Author: Penelope Fitzgerald
Information about the author.
Works
The Blue Flower
- 1997 NBCC–Fiction winner
- Score: 10.47
Set in the age of Goethe, in the small towns and great universities of late-eighteenth-century Germany, The Blue Flower tells the true story of a passionate, impetuous student of philosophy who will later gain fame as the Romantic poet Novalis, and of his curious obsession for his one “true philosophy”—the plain and simple twelve-year-old Sophie. The irrationality of love and the clarity of purpose that come with knowing one’s own fate—these are the themes that Penelope Fitzgerald explores here with her trademark mix of wit, grace, and mischievous humor.
Offshore
- 1979 Booker winner
- Score: 10.29
On the Battersea Reach of the Thames, a mixed bag of eccentrics live in houseboats. Belonging to neither land nor sea, they belong to one another. There is Maurice, a homosexual prostitute; Richard, a buttoned-up ex-navy man; but most of all there’s Nenna, the struggling mother of two wild little girls. How each of their lives complicates the others is the stuff of this perfect little novel.
The Gate of Angels
- 1990 Booker shortlist
- Score: 6.4
In 1912, rational Fred Fairly, one of Cambridge’s best and brightest, crashes his bike and wakes up in bed with a stranger—fellow casualty Daisy Saunders, a charming, pretty, generous working-class nurse. So begins a series of complications—not only of the heart but also of the head—as Fred and Daisy take up each other’s education and turn each other’s philosophies upside down.

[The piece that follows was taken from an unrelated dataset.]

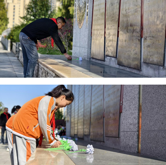 苍松映忠魂,鲜花寄哀思。烈士英名墙前,队员们敬献上自己亲手制作的小白花,他们知道一个姓名就是一个英雄的故事,一座丰碑就是一部血泪史。铭记历史,不忘初心,勇担使命,砥砺奋进是新时代少先队员的职责。

The Beginning of Spring: A Novel
- 1988 Booker shortlist
- Score: 6.38
Frank Reid is a struggling printer in Moscow. On the eve of the Revolution, his wife returns to her native England, leaving him to raise their three young children alone. How does a reasonable man like Frank cope? Should he listen to the Tolstoyan advice of his bookkeeper? And should he, in his wife’s absence, resist his desire for his lovely Russian housemaid? How can anyone know how to live the right life?
The Bookshop: A Novel
- 1978 Booker shortlist
- Score: 6.28
In 1959 Florence Green, a kindhearted widow with a small inheritance, risks everything to open a bookshop—the only bookshop—in the seaside town of Hardborough. By making a success of a business so impractical, she invites the hostility of the town’s less prosperous shopkeepers. By daring to enlarge her neighbors’ lives, she crosses Mrs. Gamart, the local arts doyenne. Florence’s warehouse leaks, her cellar seeps, and the shop is apparently haunted. Only too late does she begin to suspect the truth: a town that lacks a bookshop isn’t always a town that wants one.